EMR Containers integration with Hive Metastore¶

For more details, check out the github repository, which includes CDK/CFN templates that help you to get started quickly.

1-Hive metastore Database through JDBC¶

In this example, a Spark application is configured to connect to a Hive Metastore database provisioned with Amazon RDS Aurora MySql via a JDBC connection. The Amazon RDS and EKS cluster should be in same VPC or else the Spark job will not be able to connect to RDS.

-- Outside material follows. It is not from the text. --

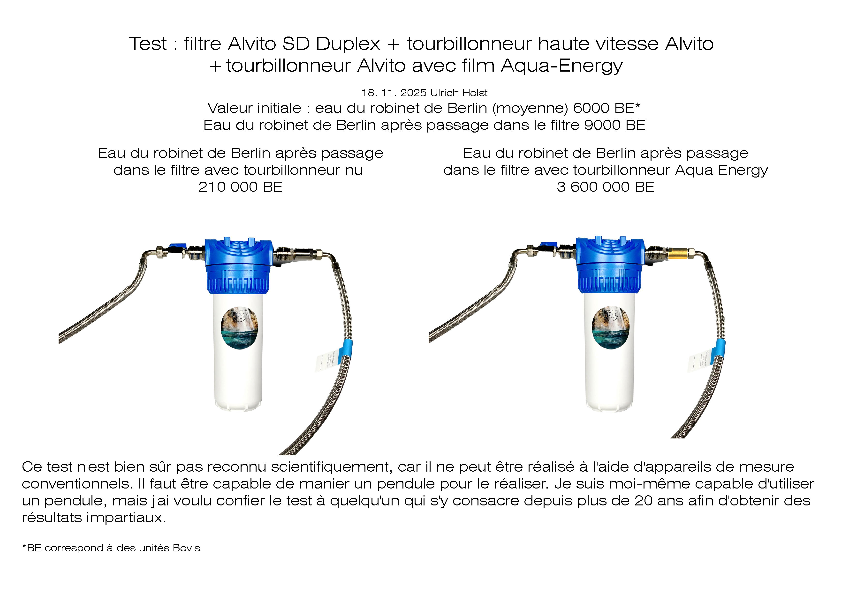 Nous avons réfléchi au fonctionnement de notre petit système de filtration complet et avons donc effectué un test de passage qui nous a permis de constater les différences entre les variantes. D'abord, l'eau du robinet de Berlin telle qu'elle sort du robinet dans chaque foyer. Ensuite, filtrée comme le propose Alvito, même s'il est clair que cela ne permet pas encore une énergisation élevée. Enfin, telle qu'Alvito la propose en complément avec un tourbillonnement à grande vitesse et notre variante avec l'information du film et l'énergisation par l'eau du haut plateau vénézuélien.

You directly pass in the JDBC credentials at the job/application level, which is a simple and quick solution to make a connection to the HMS. However, it is not recommended in a production environment. From the security perspective, the password management could be a risk since the JDBC credentials will appear in all of your job logs. Also engineers may be required to hold the password when it is not necessary.

Request:

cat > Spark-Python-in-s3-hms-jdbc.json << EOF
{
  "name": "spark-python-in-s3-hms-jdbc", 
  "virtualClusterId": "<virtual-cluster-id>", 
  "executionRoleArn": "<execution-role-arn>", 
  "releaseLabel": "emr-6.2.0-latest", 
  "jobDriver": {
    "sparkSubmitJobDriver": {
      "entryPoint": "s3://<s3 prefix>/hivejdbc.py", 
       "sparkSubmitParameters": "--jars s3://<s3 prefix>/mariadb-connector-java.jar --conf spark.hadoop.javax.jdo.option.ConnectionDriverName=org.mariadb.jdbc.Driver --conf spark.hadoop.javax.jdo.option.ConnectionUserName=<connection-user-name> --conf spark.hadoop.javax.jdo.option.ConnectionPassword=<connection-password> --conf spark.hadoop.javax.jdo.option.ConnectionURL=<JDBC-Connection-string> --conf spark.driver.cores=5 --conf spark.executor.memory=20G --conf spark.driver.memory=15G --conf spark.executor.cores=6"
    }
  }, 
  "configurationOverrides": {
    "applicationConfiguration": [
      {
        "classification": "spark-defaults", 
        "properties": {
          "spark.dynamicAllocation.enabled":"false"
          }
      }
    ], 
    "monitoringConfiguration": {
      "cloudWatchMonitoringConfiguration": {
        "logGroupName": "/emr-containers/jobs", 
        "logStreamNamePrefix": "demo"
      }, 
      "s3MonitoringConfiguration": {
        "logUri": "s3://joblogs"
      }
    }
  }
}
EOF

aws emr-containers start-job-run --cli-input-json file:///Spark-Python-in-s3-hms-jdbc.json

In this example we are connecting to mysql db, so mariadb-connector-java.jar needs to be passed with --jars option. If you are using postgres, Oracle or any other database, the appropriate connector jar needs to be included.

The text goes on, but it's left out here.